§ **Aim of the exercise**
Among the lines below, restate word for word only those from the line with "Эргономичная ручка с" through the line with "Purple Wave is", with both end lines kept.

§ **The records**
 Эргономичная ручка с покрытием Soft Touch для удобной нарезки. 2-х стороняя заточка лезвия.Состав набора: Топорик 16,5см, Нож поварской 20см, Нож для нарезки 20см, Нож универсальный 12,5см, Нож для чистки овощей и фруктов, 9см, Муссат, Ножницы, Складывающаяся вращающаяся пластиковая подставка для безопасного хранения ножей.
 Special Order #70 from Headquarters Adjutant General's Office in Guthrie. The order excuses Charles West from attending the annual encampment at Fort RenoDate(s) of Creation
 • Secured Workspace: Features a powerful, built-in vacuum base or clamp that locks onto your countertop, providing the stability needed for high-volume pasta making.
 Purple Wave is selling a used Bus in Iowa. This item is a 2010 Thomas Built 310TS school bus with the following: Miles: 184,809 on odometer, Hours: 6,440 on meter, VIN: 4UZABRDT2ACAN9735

--

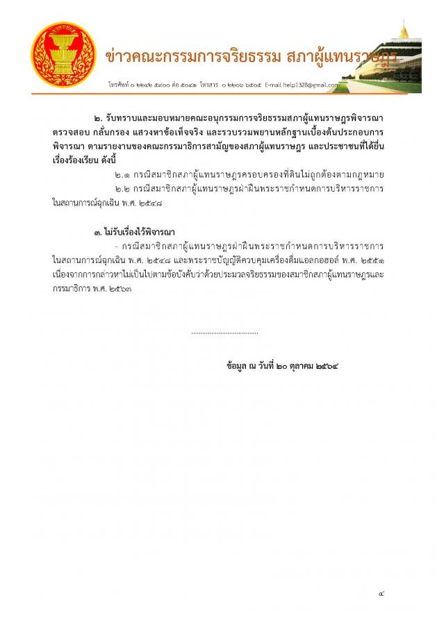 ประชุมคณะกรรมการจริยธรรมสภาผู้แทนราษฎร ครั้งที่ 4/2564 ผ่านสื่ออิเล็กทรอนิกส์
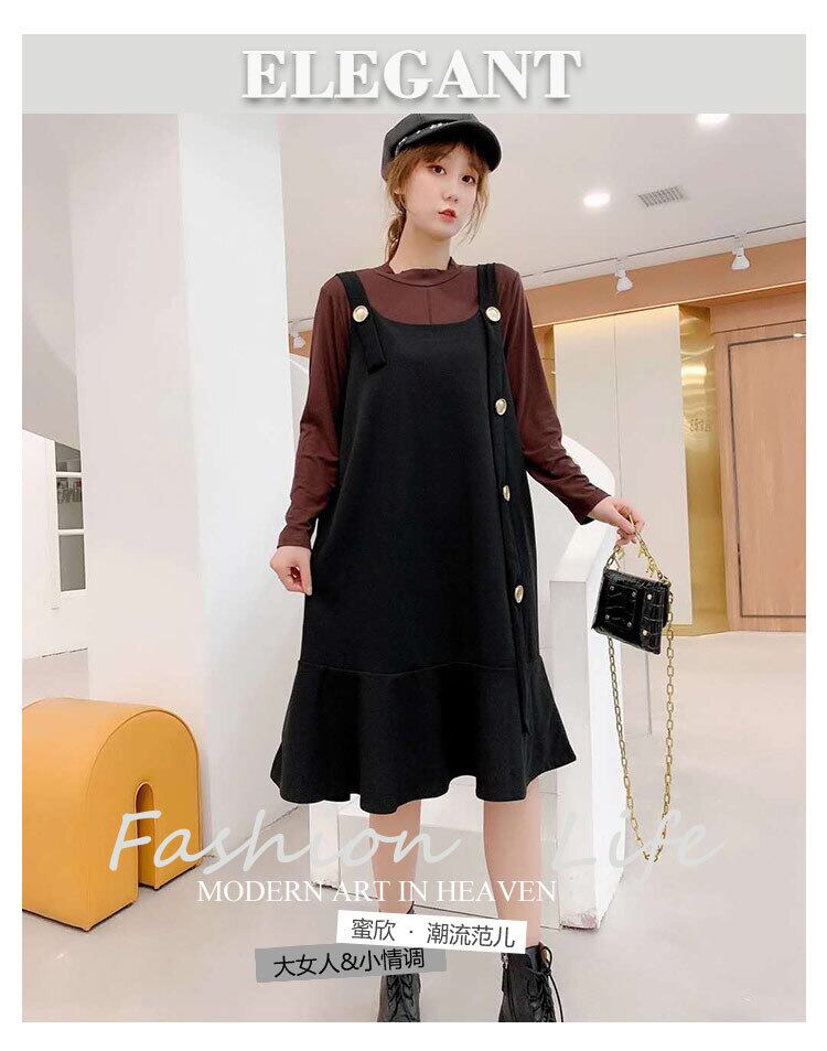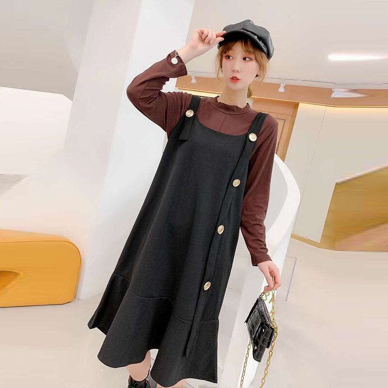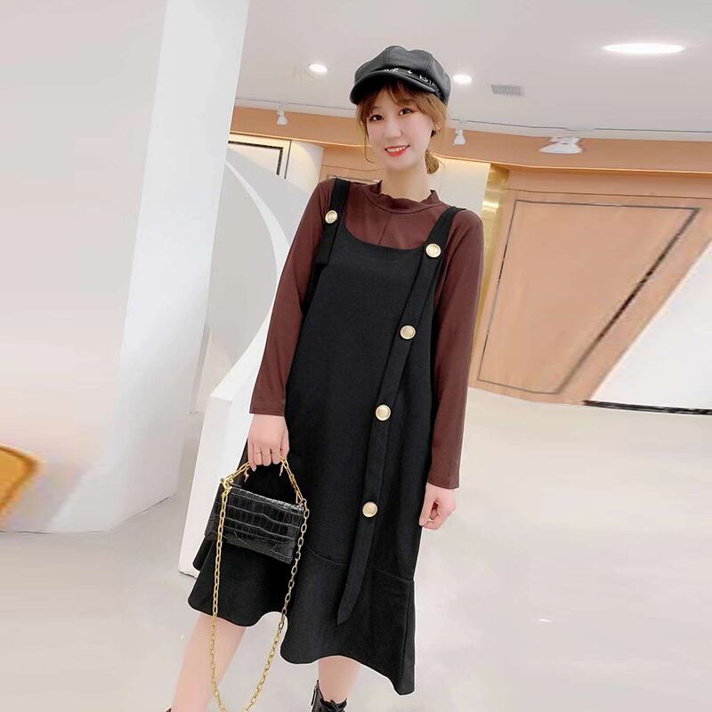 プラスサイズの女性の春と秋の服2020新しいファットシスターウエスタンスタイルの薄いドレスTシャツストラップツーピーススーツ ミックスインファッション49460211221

§ **Exercise output**
 Эргономичная ручка с покрытием Soft Touch для удобной нарезки. 2-х стороняя заточка лезвия.Состав набора: Топорик 16,5см, Нож поварской 20см, Нож для нарезки 20см, Нож универсальный 12,5см, Нож для чистки овощей и фруктов, 9см, Муссат, Ножницы, Складывающаяся вращающаяся пластиковая подставка для безопасного хранения ножей.
 Special Order #70 from Headquarters Adjutant General's Office in Guthrie. The order excuses Charles West from attending the annual encampment at Fort RenoDate(s) of Creation
 • Secured Workspace: Features a powerful, built-in vacuum base or clamp that locks onto your countertop, providing the stability needed for high-volume pasta making.
 Purple Wave is selling a used Bus in Iowa. This item is a 2010 Thomas Built 310TS school bus with the following: Miles: 184,809 on odometer, Hours: 6,440 on meter, VIN: 4UZABRDT2ACAN9735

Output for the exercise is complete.